All combinators are mode-preserving (sync in → sync out, async in → async out).

### `then(...)`: append a follow-up stage after upstream terminates

```py
pipeline = client.stream("sys", "Answer, streaming.").then(lambda: [
    {"type": "note", "text": "stream ended"},
])
```

Your follow-up can be 0-arg or 1-arg (`done` receives `StopIteration.value` if present).

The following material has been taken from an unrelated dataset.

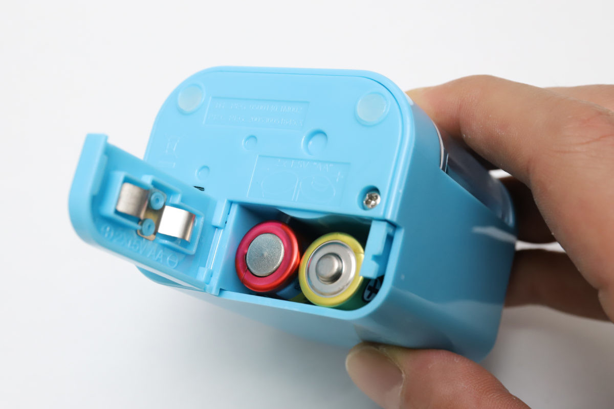 使用する電源は、アルカリ単3乾電池2本。高速モーターではあるものの、メーカー公称で400回以上は削れる、という設計になっている。また、電池を抜くと内部の削り器部分が固定されるため、いざという場合は手動で削ることも可能だ。

### `map(...)`: transform each event

```py
pipeline = client.stream("sys", "Stream.").map(
    lambda ev: (ev | {"text": ">> " + ev["text"]}) if ev.get("type") == "delta" else ev
)
```

### `mapcat(...)`: per-item stream expansion (flatMap), with optional concurrency

```py
events = BiStream(["a.py", "b.py", "c.py"]).mapcat(
    lambda path: agent.streamed(f"Analyze {path}"),
    concurrency=8,
)
```

### `branch(...)`: fan-out, then fan-in via `.sequence()` / `.interleave()`

```py
base = client.stream("sys", "First: describe the plan.")
fan  = base.branch(["doc1", "doc2", "doc3"],
                   lambda doc: client.stream("sys", f"Summarize: {doc}"))
for ev in fan.interleave(concurrency=8):
    handle(ev)
```

---

## Extra helpers

### `tap(...)`: side effects without changing events

```py
stream = client.stream("sys", "Stream.").tap(lambda ev: log(ev))
```

### `repeat_until(...)`: agent loops

```py
from trivialai.bistream import repeat_until, is_type

looped = repeat_until(
    src=client.stream("sys", "First attempt..."),
    step=lambda driver: client.stream("sys", f"Next attempt, based on {driver}..."),
    stop=is_type("final"),
    max_iters=10,
)
```

---

## Embeddings

```py
from trivialai.embedding import OllamaEmbedder

embed = OllamaEmbedder(model="nomic-embed-text", server="http://localhost:11434")
vec = embed("hello world")
```

---

## Notes & compatibility

* **Dependencies:** `httpx` for HTTP providers; `boto3` for Bedrock; `google-genai` + optionally
  `google-auth` for Gemini. `StabDiff` uses only `httpx` — no extra install step needed.
* **Scratchpad:** Ollama surfaces `<think>` content via tag parsing; Gemini and DeepSeek
  (`deepseek-reasoner`) route native thought/reasoning tokens directly into `scratchpad`
  without any tag parsing; other providers emit `scratchpad=""` in deltas and `None` in
  the final `end`.
* **`gcp` module removed:** the old `gcp.GCP` class (backed by `vertexai.generative_models`,
  deprecated June 2025) has been removed. Migrate to `gemini.Gemini` — it supports all three
  auth modes the old class did, plus image generation.
* **BiStream:** single-use and single-consumer — don't consume the same instance from multiple tasks.
* **StabDiff model selection:** by default the checkpoint is applied via `override_settings` so
  the globally loaded WebUI model is never mutated. Set `use_override_settings=False` or call
  `set_model(..., persist=True)` if you need to control the global state explicitly.